I was like, if everybody crashes and we win this race, it will still be the worst day of racing
What a story. Spotted spins one weekend. What car are you in? Was the Roush car?
Or the Walter. No, that was actually neither. That was an RAB. I was changing tires for you
that day. Really? Yes, I was. I thought you were memorable for you.
I think that's why we're on the lead lap and kept getting good pit stops. That's my story.
I'm sticking to it. I'm glad y'all are. I'm glad you're a part of that most embarrassing day.

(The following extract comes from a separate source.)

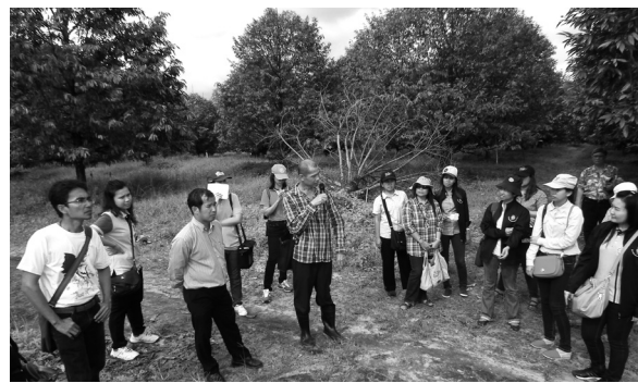
Smart Officers ร่วมเรียนรู้กับพ่อวิชัยในห้องเรียนธรรมชาติ

Tomorrow will be much better than that, but don't worry. I'd hope to say it can't be much worse,
but I've learned not to do that. And like we talked about earlier in the conversation,
you literally have done more things when it comes to having a motor doing cool shit than
probably anybody in the world. But if I had the men in black pen, the neuralizer we found out was
called and zapped all your memory. You only got to keep one. What do you keep? Events or what are
we talking about? Yeah, yeah. Just every racing memory. Racing memory. Keep one.
Being on the podium with Colin McRae and Ken Block only got, like I said, one-tenth of a second
after all the stages. Colin would have had it for sure. He was dialed in on that last Super
Special. He lands, rolls the car over back to the wheels as it's flipping. He's already back
in gear. And it actually almost made time in the corner, but he had a flat tire from the roll.
And in the last turn, the time was just enough. So to be able to... Where was it?
So that was Staple Center, or just outside the Staple Center LA.
That, I mean, that racing memory, but it was the double backflip the night before.
And that experience. Oh, same time.
That whole game. Oh my goodness, bro.
Well, man, you've been so gracious with your time. Super excited to be your teammates
tomorrow night. We're going to have a good time with those rams. And Channel 199, you're doing a
lot of cool stuff on YouTube, man. Y'all go check them out. Appreciate the time stopped by the
mode party today. We had a lot of great fans. Fire up for you to be here. That's it, man. That's
all we got for Stag and Pennies. Coral of the Joy, Ryan Flores, Travis Soprano. Talk to y'all next week.
About this episode
Memorial Day weekend at the shop kicks things off with a Moparty featuring Travis Pastrana, then the conversation turns emotional as they process a NASCAR-related loss and lean on the racetrack community. Corey shares how rally instincts, co-driver notes, and even “over-driving” thinking translate to NASCAR—plus a high-risk double-backflip story and rally timing details. The episode also connects Ken Block’s Hoonigan business model and city-shutdown stunt planning to Pastrana’s NASCAR crossover, Carl Edwards at Atlanta, and Charlotte track embarrassment.
Travis Pastrana joins Corey LaJoie and Ryan Flores on Stacking Pennies for one of the wildest conversations we’ve ever had.
Travis talks about jumping a stock Ram truck with Nitro Circus, what it was like trying to break into NASCAR, the story behind the legendary double backflip, why rally driving and stock car racing require completely different skill sets, and what made Ken Block’s Gymkhana legacy so important.
The guys also get into Cleetus McFarland, creator racing, sprint cars, Top Fuel dragsters, Gymkhana Australia, and the one racing memory Travis would keep forever.
From Daytona to X Games to Ken Block to Charlotte Motor Speedway, this one is pure Travis Pastrana chaos.